Same old Rockies

Well, welcome back, old Rockies.  We sure missed you.  (No, not really.)

After a three-game sweep of the almighty Yankees earlier in the week, the Rockies traveled north of the border and immediately dropped their first two games against the Blue Jays.  Yes, I realize that a three-game sweep of the Yankees doesn’t quite mean what it would have, say, four years ago, but it’s still a big deal to a team that hasn’t been having much success in recent years.  But the same Rockies pitching staff that gave up five runs in three games against the Yankees has given up twenty runs in two games to the Blue Jays.  To further the point of how out of whack this all is, the Yankees are hitting .282 as a team; the Blue Jays are hitting a paltry .256.

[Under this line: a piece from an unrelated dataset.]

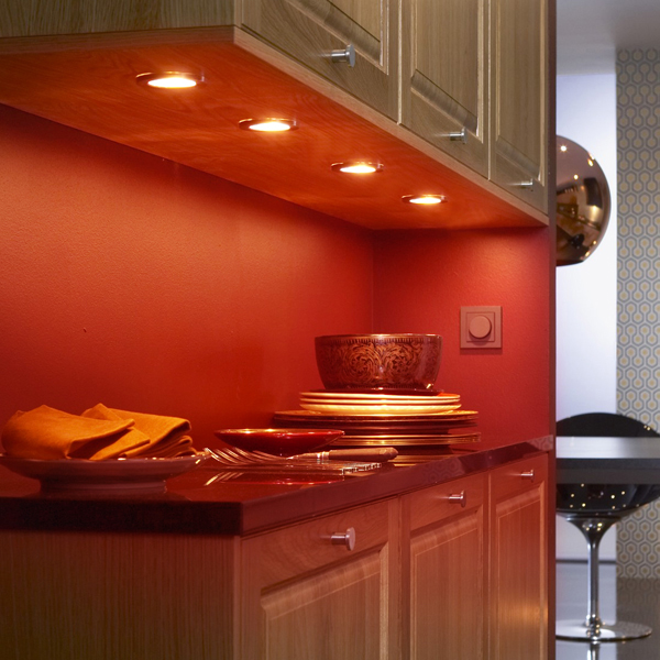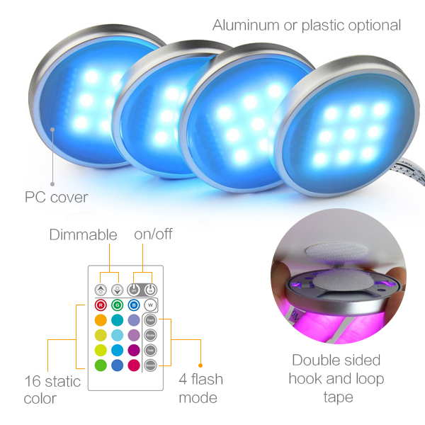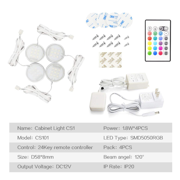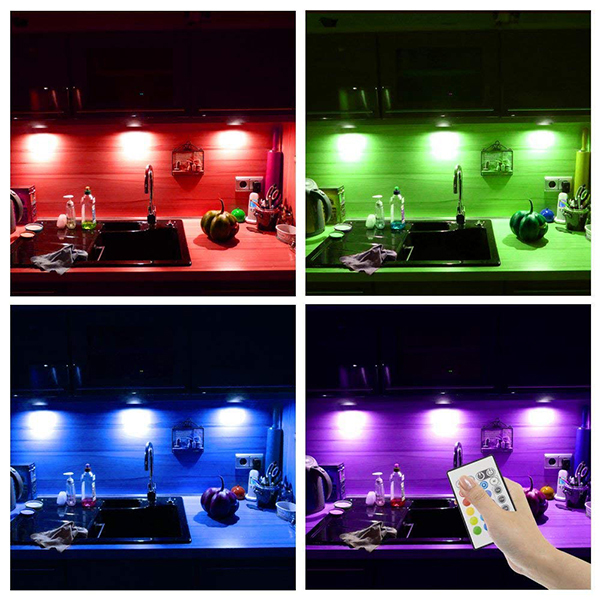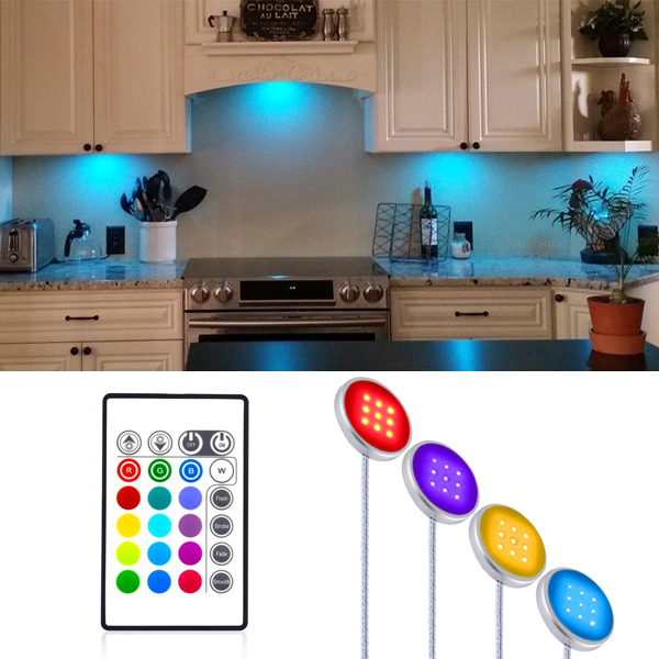 Featured is a DIY cabinet light set that comes with four small LED lights. Installation is incredibly easy, allowing you to customize your desired lighting effect. It is easy to control the color of your lights with the remote controller.
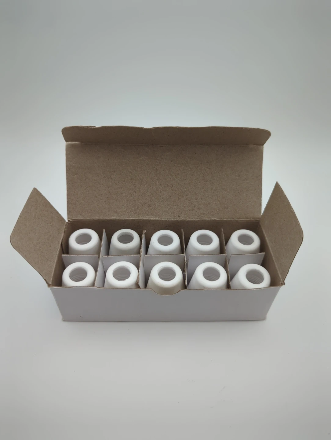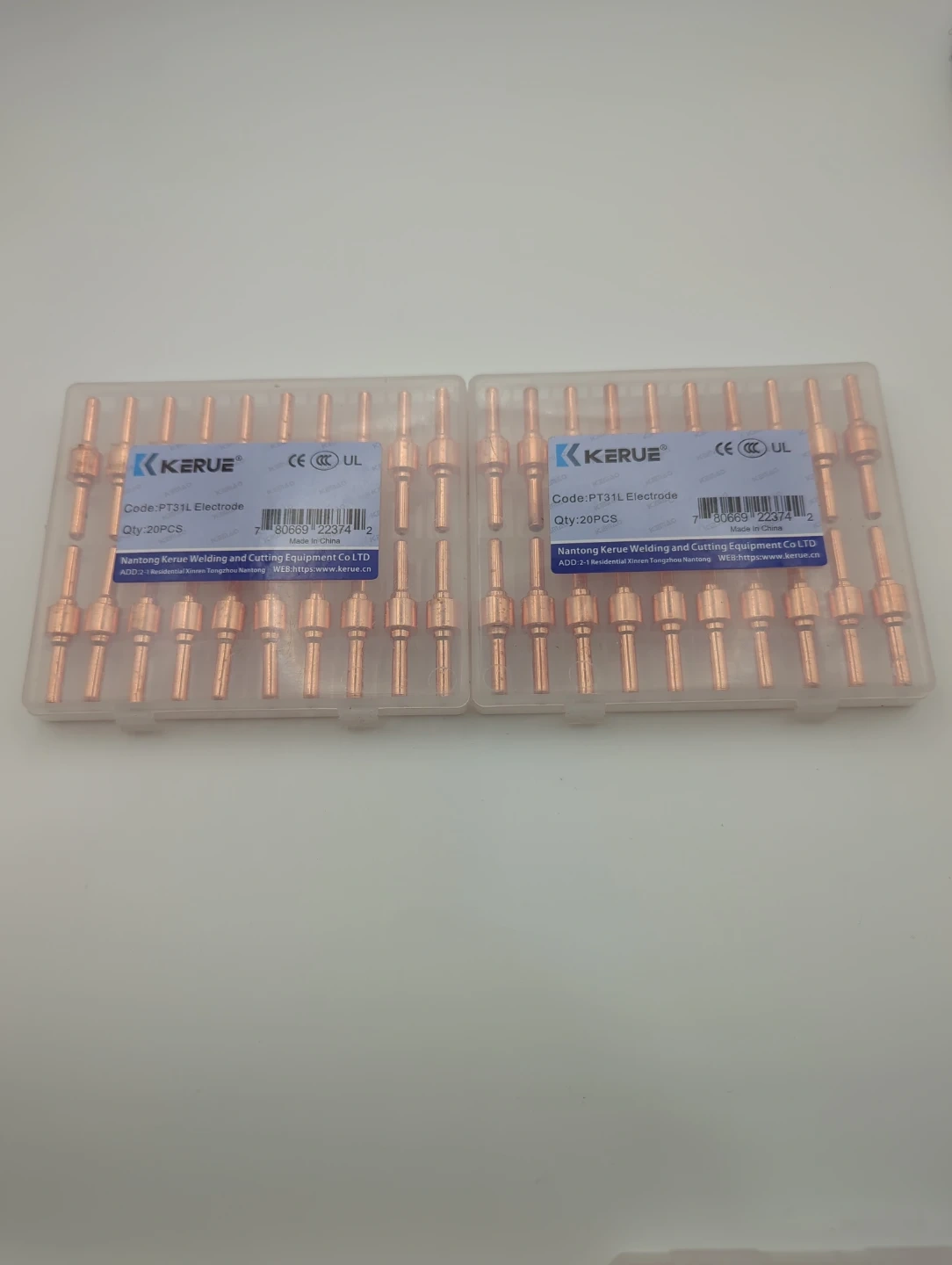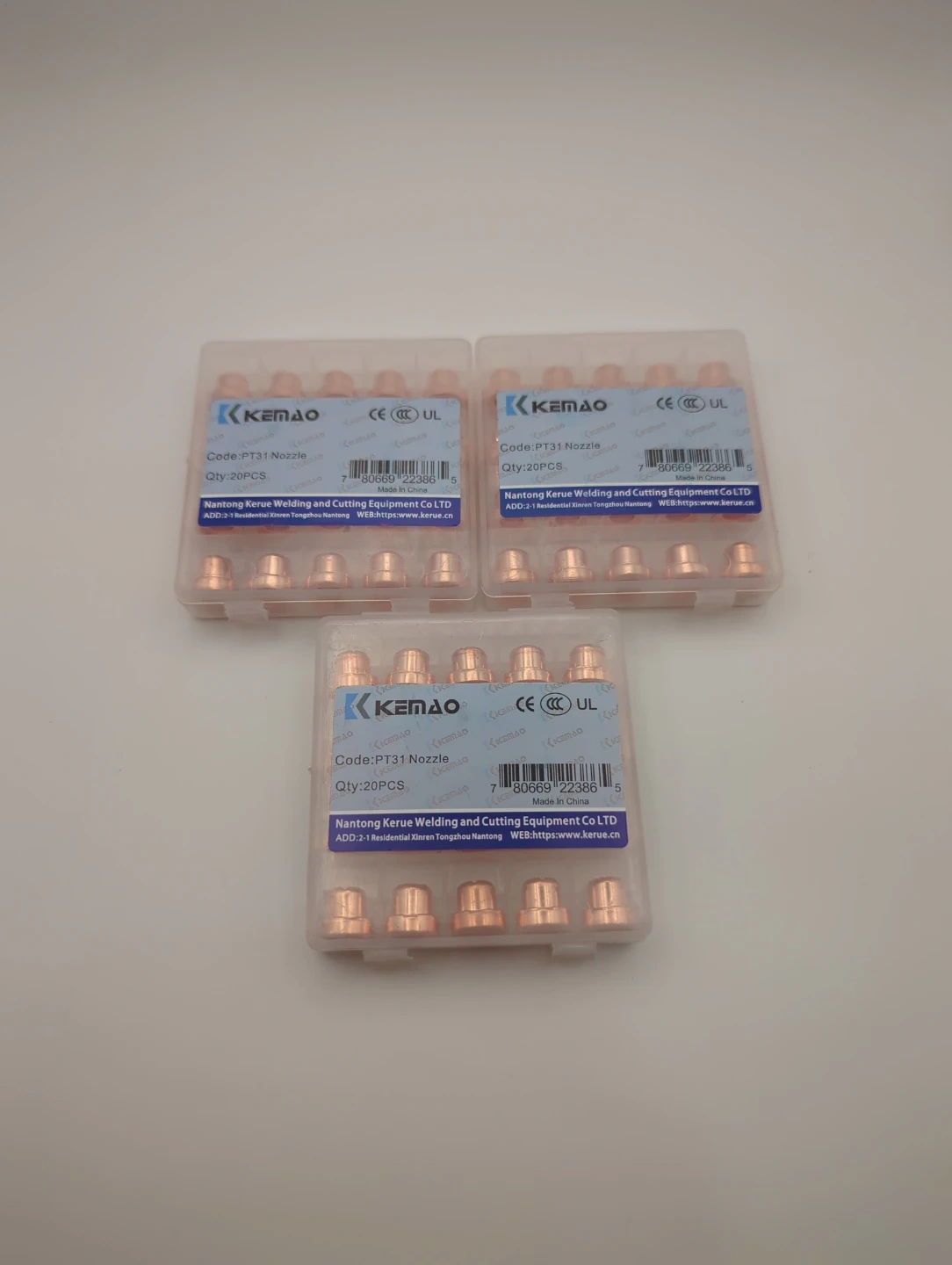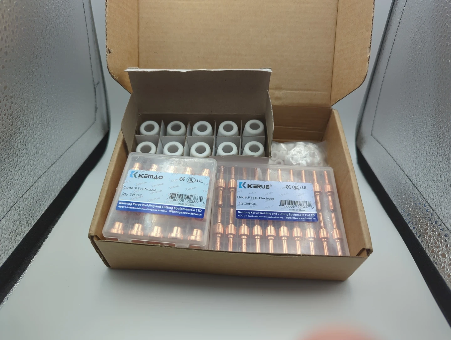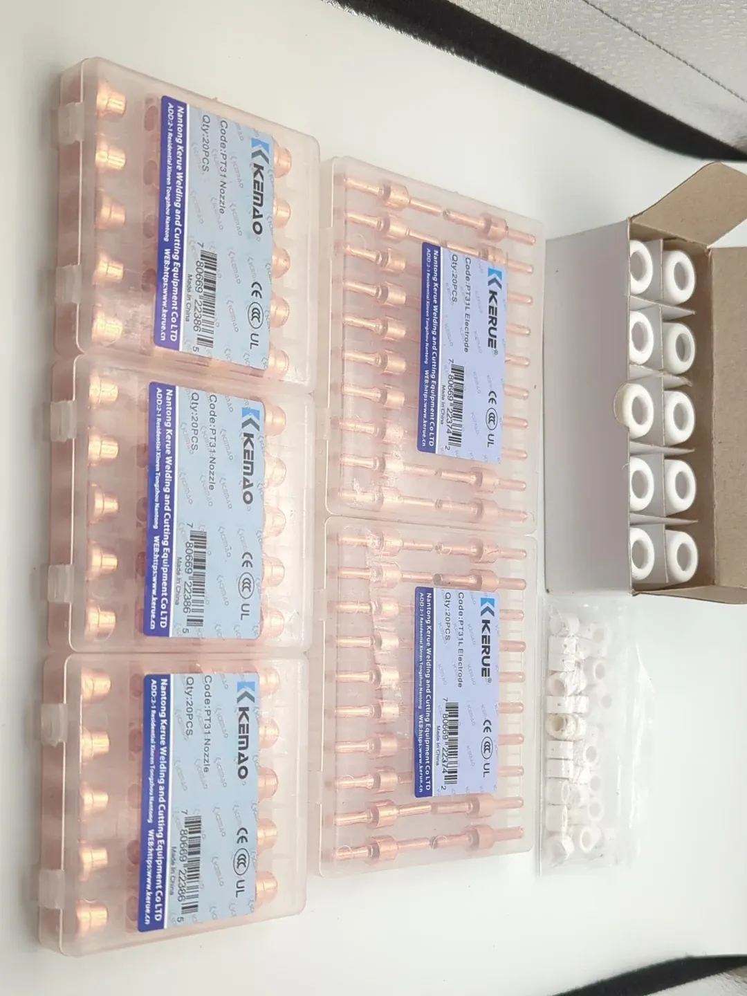 Lot includes KEMAO PT31 Nozzle, KERUE PT31L Electrode plasma cutter consumables and High Grade Ceramic Shield-Cups and Swirl-Rings. Kit contains 60 Nozzles, 40 Electrodes, 10 Shield-cups and 40 Swirl-Rings. Total of 150 pieces. These are replacement parts for plasma cutting machines.

Of course, "the same Rockies pitching staff" is a bit misleading.  The three games against the Yankees were pitched by Josh Fogg, Jeff Francis, and Rodrigo Lopez.  Francis, of course, is the de facto staff ace, who’s won five of his last six starts and has an excellent 1.77 ERA over that stretch.  In eight of his last nine starts he’s given up two or fewer runs, and he’s gone less than seven innings just once in that span.  Fogg is constantly cited as the Rockies starter fans would most like to be sent to the bullpen, including by myself, but recently he’s been one of our better starters; the Rockies have won in his past four starts, and he has a 3.91 ERA in that time.  And, well, the Rockies are only 7-1 in games started by Rodrigo Lopez.  I wonder what our record would be if we’d had him starting all season and not had to deal with stretches of BK Kim and Taylor Buchholz being used as starters.

On the other hand, the two games against the Blue Jays have been started by Jason Hirsh and Aaron Cook.  Hirsh in many ways is the prototypical rookie starting pitcher: he looks brilliant at times, but at other times he just looks lost.  Outside of a complete game five-hitter against the Orioles on June 10, Hirsh has mostly been looking lost of late, and it’s hurting the team.  Of course, there’s nobody obvious to fill his spot in the rotation, so the Rockies will probably just stick it out with Hirsh.  Aaron Cook was supposed to be our ace, but that’s hardly been the case.  Outside of a four-game stretch in early May when Cook won three straight starts largely due to great run support (heck, Cook had a 5.71 ERA in those starts) he hasn’t been great.  Eight of his sixteen starts have been quality starts, but he’s also had seven starts in which he’s given up five or more runs.  And outside of that three-game stretch, the Rockies are 3-10 when Cook starts.  That’s not what you expect from an ace.

The offense, on the other hand, has been good in this series, though part of that is just the matter of facing off against Josh Towers and Ty Taubenheim.  Tomorrow it will be Dustin McGowan and his 5.68 ERA (and he can’t blame that ERA on Coors, either.)  Josh Fogg goes for us, and, well, if Fogg can beat Curt Schilling and Mike Mussina, surely he can beat Dustin McGowan, right?

I hope so.  We need to stop the bleeding right now before this turns into one of those season-unraveling losing skids that we’ve become used to in Junes and Julys past.